AIM OF THE TASK:
Only one stretch of the data should be retyped: the lines from the line containing "Nelson Propeller Bubble" through the line containing "Легка , неймовірна". Keep pictures out of it.

DATA FOR THE TASK:

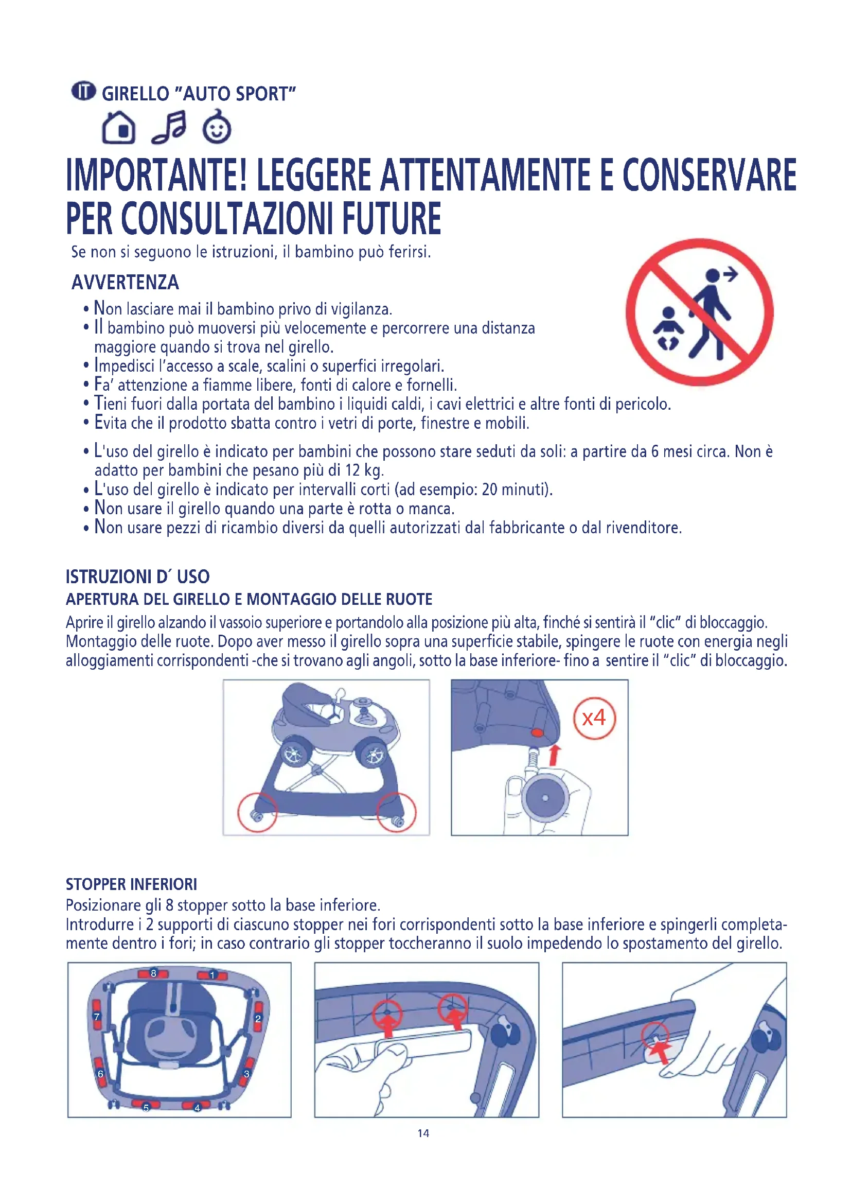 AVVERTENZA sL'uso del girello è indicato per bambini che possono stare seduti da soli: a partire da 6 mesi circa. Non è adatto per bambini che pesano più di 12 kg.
...
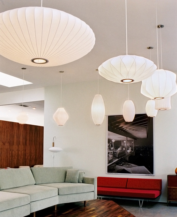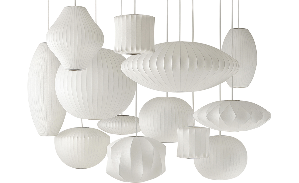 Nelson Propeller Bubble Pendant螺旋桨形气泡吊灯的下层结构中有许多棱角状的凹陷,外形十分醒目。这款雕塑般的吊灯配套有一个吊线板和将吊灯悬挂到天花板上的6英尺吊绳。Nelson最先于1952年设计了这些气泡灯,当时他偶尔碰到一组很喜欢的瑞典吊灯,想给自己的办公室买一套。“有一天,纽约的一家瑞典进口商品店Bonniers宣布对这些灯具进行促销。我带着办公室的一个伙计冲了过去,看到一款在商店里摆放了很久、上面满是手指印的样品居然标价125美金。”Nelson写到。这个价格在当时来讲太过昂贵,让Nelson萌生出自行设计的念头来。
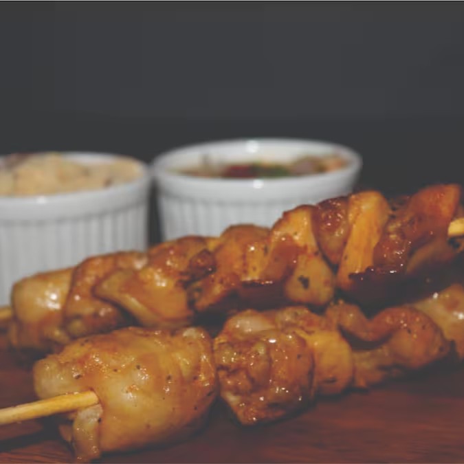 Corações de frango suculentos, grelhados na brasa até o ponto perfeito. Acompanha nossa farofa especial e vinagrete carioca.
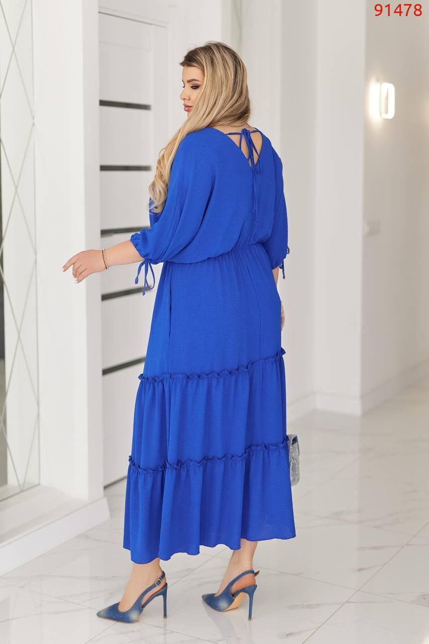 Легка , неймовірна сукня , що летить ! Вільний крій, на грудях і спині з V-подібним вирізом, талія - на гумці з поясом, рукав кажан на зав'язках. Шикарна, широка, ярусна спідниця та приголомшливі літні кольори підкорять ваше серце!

WORKED SOLUTION:
 Nelson Propeller Bubble Pendant螺旋桨形气泡吊灯的下层结构中有许多棱角状的凹陷,外形十分醒目。这款雕塑般的吊灯配套有一个吊线板和将吊灯悬挂到天花板上的6英尺吊绳。Nelson最先于1952年设计了这些气泡灯,当时他偶尔碰到一组很喜欢的瑞典吊灯,想给自己的办公室买一套。“有一天,纽约的一家瑞典进口商品店Bonniers宣布对这些灯具进行促销。我带着办公室的一个伙计冲了过去,看到一款在商店里摆放了很久、上面满是手指印的样品居然标价125美金。”Nelson写到。这个价格在当时来讲太过昂贵,让Nelson萌生出自行设计的念头来。
 Corações de frango suculentos, grelhados na brasa até o ponto perfeito. Acompanha nossa farofa especial e vinagrete carioca.
 Легка , неймовірна сукня , що летить ! Вільний крій, на грудях і спині з V-подібним вирізом, талія - на гумці з поясом, рукав кажан на зав'язках. Шикарна, широка, ярусна спідниця та приголомшливі літні кольори підкорять ваше серце!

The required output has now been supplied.